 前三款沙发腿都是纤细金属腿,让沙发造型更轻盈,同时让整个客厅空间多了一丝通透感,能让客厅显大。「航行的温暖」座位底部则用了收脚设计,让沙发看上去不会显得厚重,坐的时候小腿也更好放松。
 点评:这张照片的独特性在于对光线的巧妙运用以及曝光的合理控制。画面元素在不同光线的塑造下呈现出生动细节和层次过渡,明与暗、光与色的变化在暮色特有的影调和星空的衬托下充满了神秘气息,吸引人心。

....

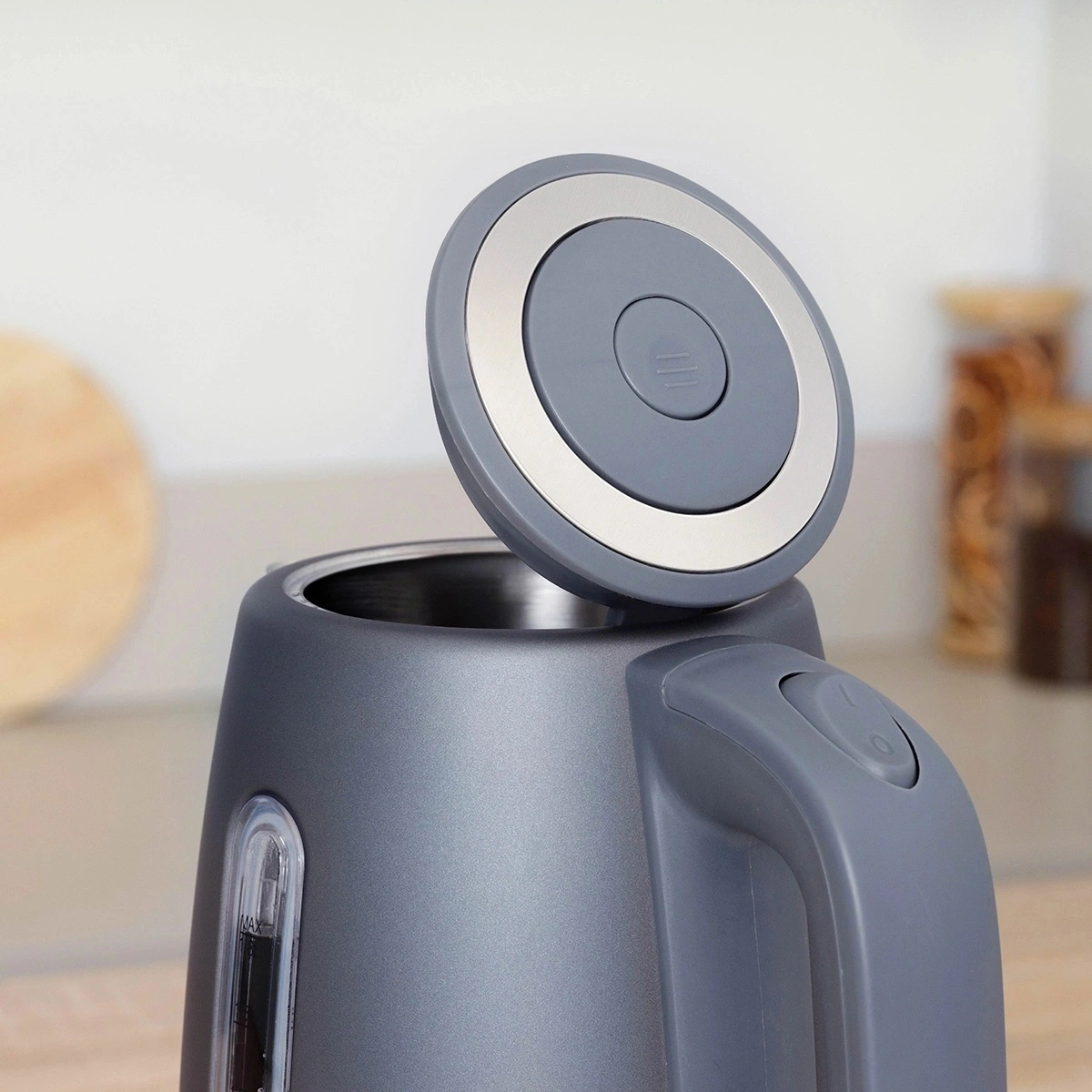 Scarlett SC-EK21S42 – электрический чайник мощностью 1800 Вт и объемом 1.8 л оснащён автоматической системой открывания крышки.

....

# [WHAT IS NEEDED]
In the listing above, find the line containing "前三款沙发腿都是纤细金属腿,让沙发造型更" and the line containing "点评:这张照片的独特性在于对". Output them and every line between, exactly, and nothing else.

# [WORKED SOLUTION]
 前三款沙发腿都是纤细金属腿,让沙发造型更轻盈,同时让整个客厅空间多了一丝通透感,能让客厅显大。「航行的温暖」座位底部则用了收脚设计,让沙发看上去不会显得厚重,坐的时候小腿也更好放松。
 点评:这张照片的独特性在于对光线的巧妙运用以及曝光的合理控制。画面元素在不同光线的塑造下呈现出生动细节和层次过渡,明与暗、光与色的变化在暮色特有的影调和星空的衬托下充满了神秘气息,吸引人心。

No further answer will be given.